Molecular dynamics simulations on the coarse-grained models were performed in the NPT ensemble with periodic boundary conditions in all directions. The system temperature was maintained using the velocity-rescaled Berendsen thermostat [53]. The pressure was controlled using isotropic Parrinello-Rahman pressostat [54]. The force field parameters of nanoplastics were obtained from previous works [52, 55]. The interactions of the lipid membrane were described by the Martini force field [44, 56]. The long-range electrostatic interactions were treated with the particle mesh Ewald (PME) method [57]. The van der Waals (vdW) interactions were calculated with a cut off distance of 1.2 nm. All molecular dynamics simulations were conducted with the GROMACS package (version 5.1.4) [58]. Snapshots were rendered by the visual molecular dynamics (VMD) program [59].

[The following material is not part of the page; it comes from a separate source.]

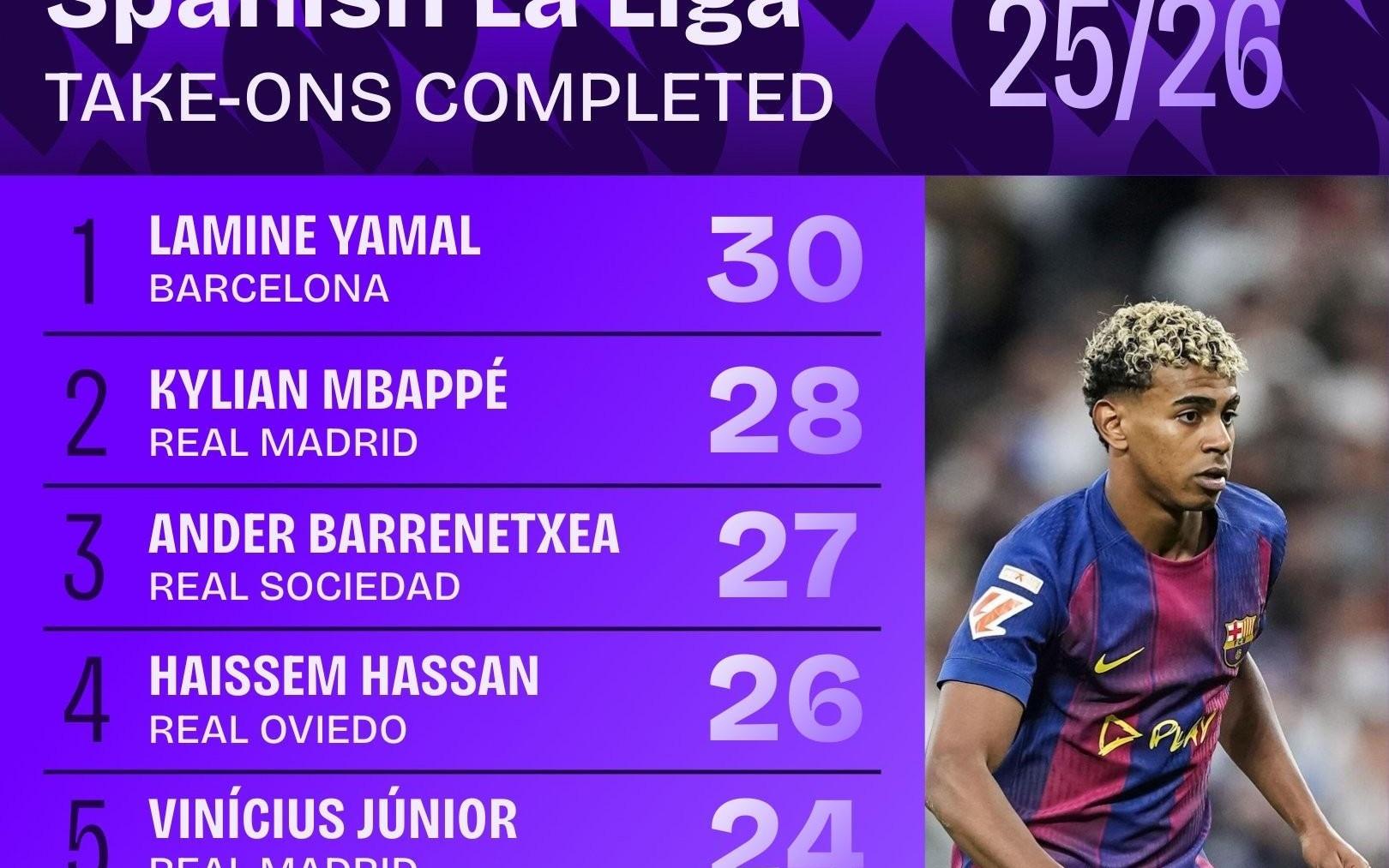 本赛季西甲完成过人最多榜:亚马尔30次居首,姆巴佩28次第二

Interaction of PS-NH2 with membranes

Artificial lipid layer formation was performed using the previous method with some modifications [37]. The lipid layer was formed by pre-mixing phospholipids (POPE:POPG = 3:1) and fatty acids oil (squalene:oleic acid = 4:1) in the water phase. A drop of the lipid mixture, which was stained with Dil dye, was added into the PS-NH2 (2 μm) solution (20 µg/mL). The solution was vortexed and incubated at room temperature for 10 min. After the mixed solution was centrifuged and washed with deionised water thrice, the collected samples were analysed using the confocal laser scanning microscopy. Meanwhile, the samples that were not stained with Dil dye were analysed using SEM. For the interaction of PS-NH2 with a synthetic unilamellar liposome, the above-described lipid mixture in the water phase was ultrasonicated for 5 min to form liposome. The liposome solution was then mixed with PS-NH2 (2 μm; 20 µg/mL) and incubated at room temperature for 15 min. A macroscopic lipid layer (~ 5 mm) was formed by dropping the lipid and fatty acid oil mixture onto the surface of the water phase. Then, 1 µL nanoplastic solution (80 nm, 20 µg/mL) was gently dripped on the surface or near the edge of lipid membrane. The video and image were obtained by camera or confocal laser microscopy.

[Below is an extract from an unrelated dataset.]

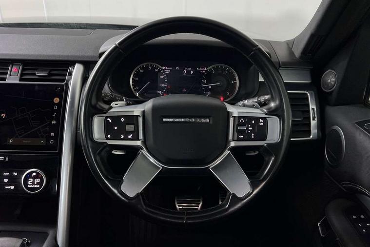 11.4" touchscreen, 3D surround camera, Adaptive cruise control, Android Auto, Apple car play, Blind spot assist, Driver condition monitor, Electric power assisted steering (EPAS), Emergency services call system, Front and rear parking aid, Lane keep assist, Power inner tailgate, Push button start, Rear collision monitor, Rear traffic monitor, Remote, Remote boot release, Service interval indicator, Speed proportional steering, Sportshift selector, Stop/start system, Traffic sign recognition with adaptive speed limiter, Trip computer, Wade Sensing, Adaptive dynamics, Dynamic stability control, Electronic air suspension, Front axle open differential, Digital Audio Broadcast radio-DAB, Dynamic volume control, Pivi pro connected, USB/aux input socket, Acoustic laminated windscreen, Animated directional indicators, Auto dimming interior rear view mirror, Automatic headlight levelling, Automatic headlights, Body colour bumpers, Body colour door handles, Centre high mounted stop light, D300 badge, Electric heated/power fold memory door mirrors with approach lights and auto dimming driver side, Electric windows with one touch open/close and anti-trap, Heated rear window, Heated windscreen, LED darkend tail lights, Metal treadplates with R-Dynamic branding, Narvik black Discovery script, Privacy glass, Puddle lights, Rain sensing windscreen wipers, Rear fog lights, Rear side wing doors, Rear wash/wipe, Trailer stability assist, Variable intermittent wiper, 12V power sockets, 12V USB charging socket in loadspace, 2 seat bench in 3rd row, 3 seat bench in 2nd row, Central hinged twin lidded storage, Ebony morzine headlining, First and second row door bins, Footwell lights, Front and rear 12V with front USB, Front passenger seat isofix location point, In-facia storage, Isofix child seat preparation for front passenger seat, Loadspace cover, Loadspace Hook, Loadspace light, Lockable glovebox, Lower centre console storage, Luggage tie downs in loadspace, Multi function steering wheel, Overhead lighting console, Premium carpet mats, Rear ISOFIX, Shopping bag hook, Single front passenger seat, Storage glovebox, Sunvisors with illuminated vanity mirrors, Third row storage, Twin front cupholders with cover, USB with 12V socket in centre console, Online pack with data plan - Discovery, R-Dynamic black exterior pack - Discovery, 3x3 point rear seatbelts, Anti-lock braking system (ABS), Brake pre-fill technology, Cornering brake control, Curtain airbags, Customer configurable autolock, Driver and passenger airbags, EBD - Electronic brakeforce distribution, Electronic traction control, Emergency brake assist, Emergency braking, ESP, Front side airbags, Gradient acceleration control, Hill descent control, Hill launch assist, Power operated child locks, Rear airbags, Roll stability control, Seat belt reminder, Torque vectoring brake, Tyre pressure monitoring system, Immobiliser, Intrusion sensor, Keyless entry, Locking wheel nuts, Remote central locking, All terrain tyres,

For the interactions between the lipid-coated bacteria and the PS-NH2, the bacteria cells coated with lipid layers were prepared according to the reported method with some modifications [50]. Bacteria (1.5 ml) sub-cultured for 3 h were collected, washed and resuspended in 1 ml of ice-cold phosphate solution containing 12.5 mM of CaCl2. DOPA (Avanti Polar Lipids, Alabaster, AL, USA) and cholesterol (Sangon, Shanghai, China) were dissolved in 5 ml of chloroform at a 4:1 molar ratio. Then, the mixed solution was dried by nitrogen, resulting in a lipid film. The obtained film was hydrated in 1 ml of bacterial solution and vortexed for 15 min to generate LCB. The LCB was treated with 100 µg/mL PS-NH2. Then, the morphological changes were observed by TEM. Intracellular ROS and survival fractions of the LCB were measured, respectively.

Intracellular ROS detection

Intracellular ROS level was measured by using 2’,7’-dichlorofluorescein diacetate (DCFH-DA) as a molecular probe to detect ROS [60]. The DCFH-DA was hydrolysed into DCFH by intracellular esterase and then oxidised by intracellular ROS into DCF, which produced fluorescence. Cell cultures (OD600 = 1.0) were treated with 100 µg/mL PS nanoplastics for 30 min. Then, the cells were collected by centrifugation and washed with phosphate buffer (pH 7.5) thrice to remove extracellular probes. The images were observed using the confocal laser scanning microscope (Zeiss LSM510). The fluorescence was quantitated using a fluorescence spectrophotometer (SpectraMax M5) at an excitation wavelength of 485 nm and an emission wavelength of 525 nm.

Statistical analysis

All experiments were performed with at least three independent replicates unless stated otherwise. Student’s t tests were used to assess the significance among results. P < 0.05 was considered significant.